Blind from birth, the Alabama songwriter and vocalist left an imprint on R&B with hits that moved from barroom seduction to social realism. His music appeared in film soundtracks and hip-hop samples for decades.
Clarence Carter, the blind-from-birth soul singer whose voice carried the sound of Southern juke joints and kitchen-table hard luck, died Wednesday from complications of pneumonia. He was 90. His management company confirmed the news.
Born in Montgomery, Alabama in 1936, Carter cut his teeth as half of Clarence & Calvin, a duo with another blind singer, Calvin Scott. When a car accident sidelined Scott, Carter went solo and scored his first R&B chart entry in 1967 with “Tell Daddy” — a self-written song that prompted Etta James to craft her own answer, “Tell Mama.”

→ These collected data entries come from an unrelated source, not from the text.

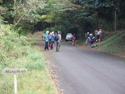 | ▼風穴に到着・・・穴の中をのぞき込んでいます。 | ▼ぶな尾根コースを選択しました。 御神所岩を通るコースは右方だと思います。 |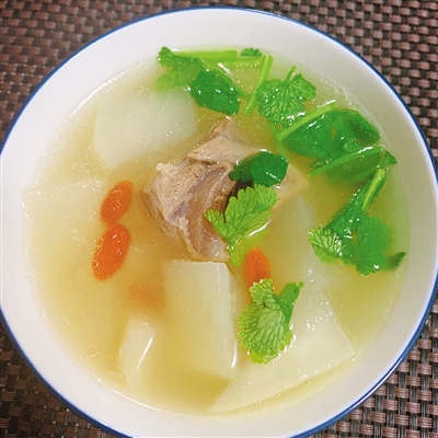 做法:将白萝卜、羊肉切块,并将羊肉放入热水中焯一下备用。砂锅中加水,放入羊肉,加入料酒、葱、姜、干辣椒、大料、花椒,烧开后转小火炖30分钟,放入白萝卜继续炖,至熟后调味即可,有祛寒暖胃的功效。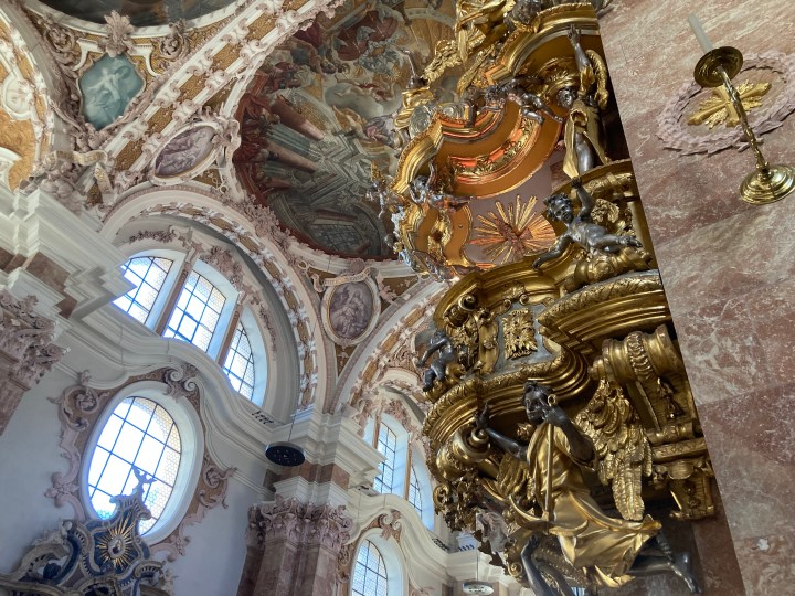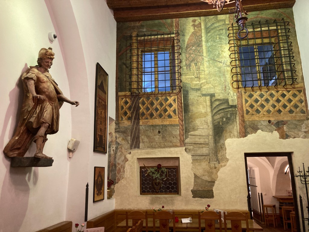 Instead we popped into St Jacob’s cathedral then headed towards the famous Goldenes Dachl: basically, a medieval royal box situated on the main crossroads of the Altstadt. We arrived to hear medieval fanfares being played from the balcony. We were fortunate to find a table in a restaurant from which we could enjoy a cold beer in the sunshine while listening to the musicians. Exquisite and, once again, not expensive. Why food and drink in Austria are a third of the price of Switzerland I do not understand.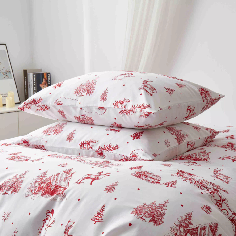 • Луксозно коледно спално бельо от Spod Igły i Nitki, изработено от памучен сатен. Гладко, меко и деликатно блестящо – идеално за зимни нощи.

The following year, he released “Slip Away,” a slow-burning plea for infidelity that became his signature. The single hit No. 2 on the R&B chart and No. 6 on the pop chart, and its afterlife was long: it turned up in films like The Commitments, Almost Famous, and Licorice Pizza, racking up over 45 million Spotify streams. The same year gave him “Back Door Santa,” a lewd holiday novelty later immortalized when Run-DMC sampled it for “Christmas in Hollis.”
Carter’s life and work intertwined with that of Candi Staton, a soul titan in her own right. They married in 1970 after she joined his backing vocalists, and he brought her to Rick Hall’s Muscle Shoals studio, helping launch her solo career. He co-wrote standout songs for Staton, including the Grammy-nominated “I’d Rather Be an Old Man’s Sweetheart (Than a Young Man’s Fool).” But his chronic infidelity soured the partnership. Staton later told the Guardian that Carter had reported her to the IRS, triggering a suicide attempt. The marriage ended in divorce three years in.

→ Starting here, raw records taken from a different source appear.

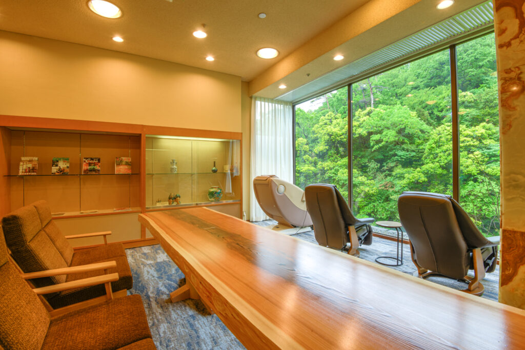 露天風呂付特別室のお客様向けに、お部屋以外でもお寛ぎいただける専用ラウンジもございます。 ・ジュースやコーヒー等が楽しめる “フリードリンクスペース” ・ゆっくりと読書ができる “ライブラリー” ・鶴仙渓を眺望しながらほっと一息 “リクライニングチェア” 等 ※専用ラウンジは、2023年・2025年オープン “露天風呂付客室3タイプ”のご宿泊者様のみ、ご利用いただけます。 2022年オープン “源泉半露天風呂付き特別和洋室” ご利用のお客様は対象外となります。 予めご了承くださいませ。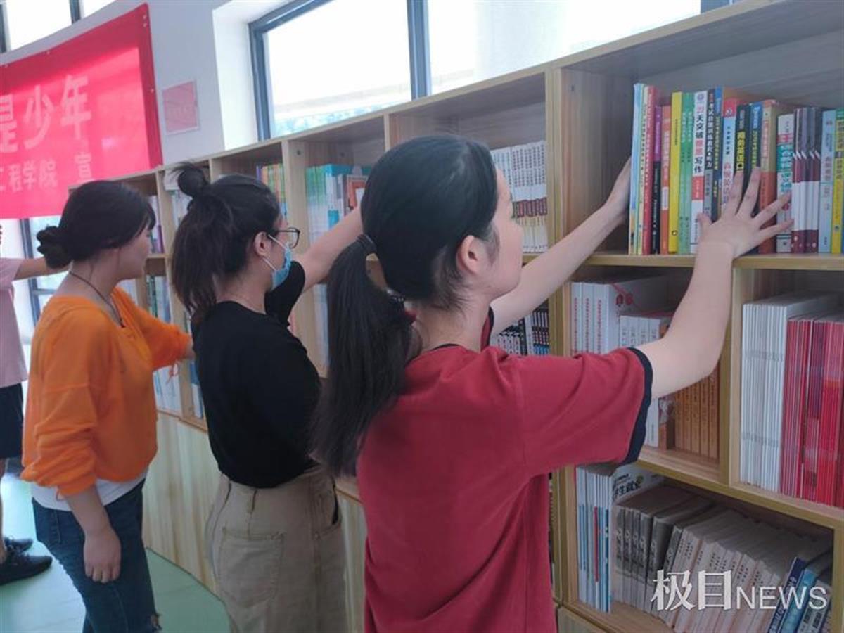 捐书现场,毕业生们有的认真清点捐赠的书本,有的踮脚整理书架上的书籍,有的弯腰清扫地上的灰尘,毕业生夏雨薇还郑重地在捐出的每一本书上写下“中国有梦,青春无悔”的勉励语。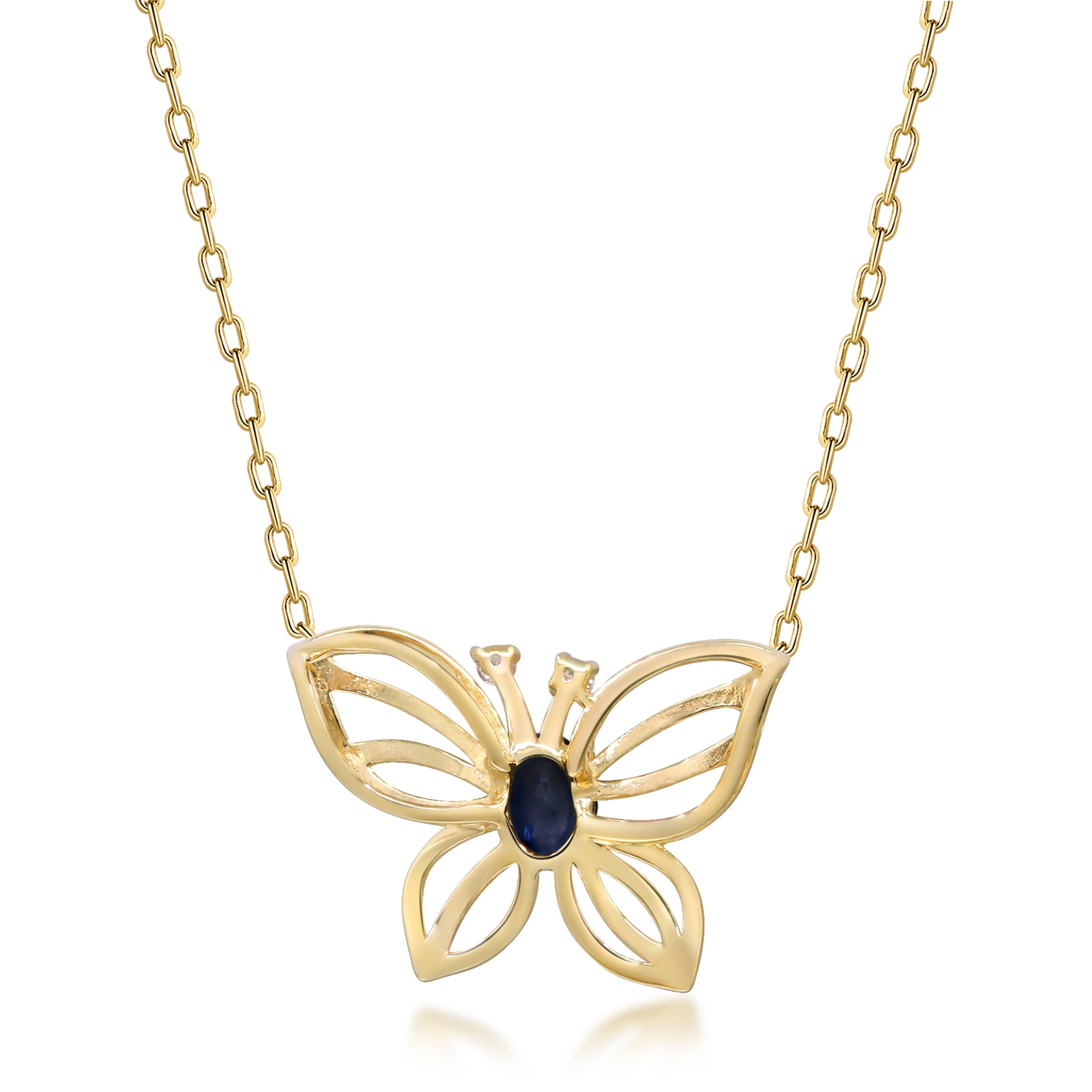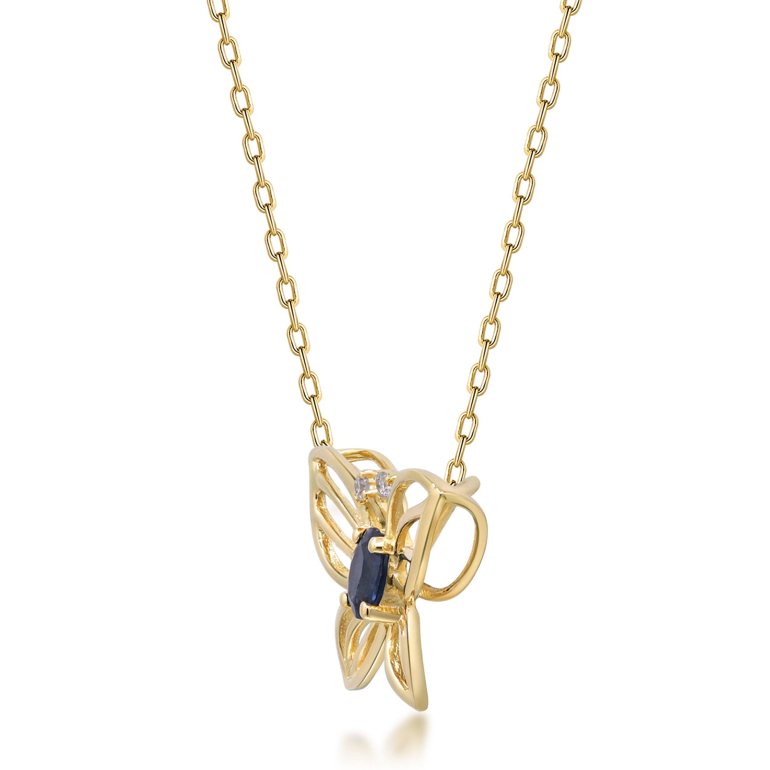 Decorate yourself in elegance with this Pendant is crafted from 10K Yellow Gold by Gin & Grace. This Pendant is made up of Oval-Cut Blue Sapphire (1 pcs) 0.22 carat and Round-cut White Diamond (2 Pcs) 0.09 Carat. This Pendant is weight 0.52 grams. This delicate Pendant is polished to a high finish shine.

While the personal drama unfolded, Carter’s music kept climbing. In 1970 he released “Patches,” a cover of the Chairman of the Board track that told the story of a poor boy forced to take over his family’s farm after his father’s death. Carter delivered the narrative with a direct, wounded gravity that made the song a transatlantic hit. It was one of the first soul singles to treat rural poverty with that unflinching detail, and it stood apart from the era’s more polished protest music.
Across his catalog, Carter’s blindness was never a gimmick; it shaped his phrasing and his sense of space. His voice could switch from a preacher’s quiver to a barstool growl in a single line. That texture kept his songs alive in samples, on radio throwback hours, and in the jukeboxes of bars that don’t chase trends. He leaves a body of work that made everyday longing feel monumental.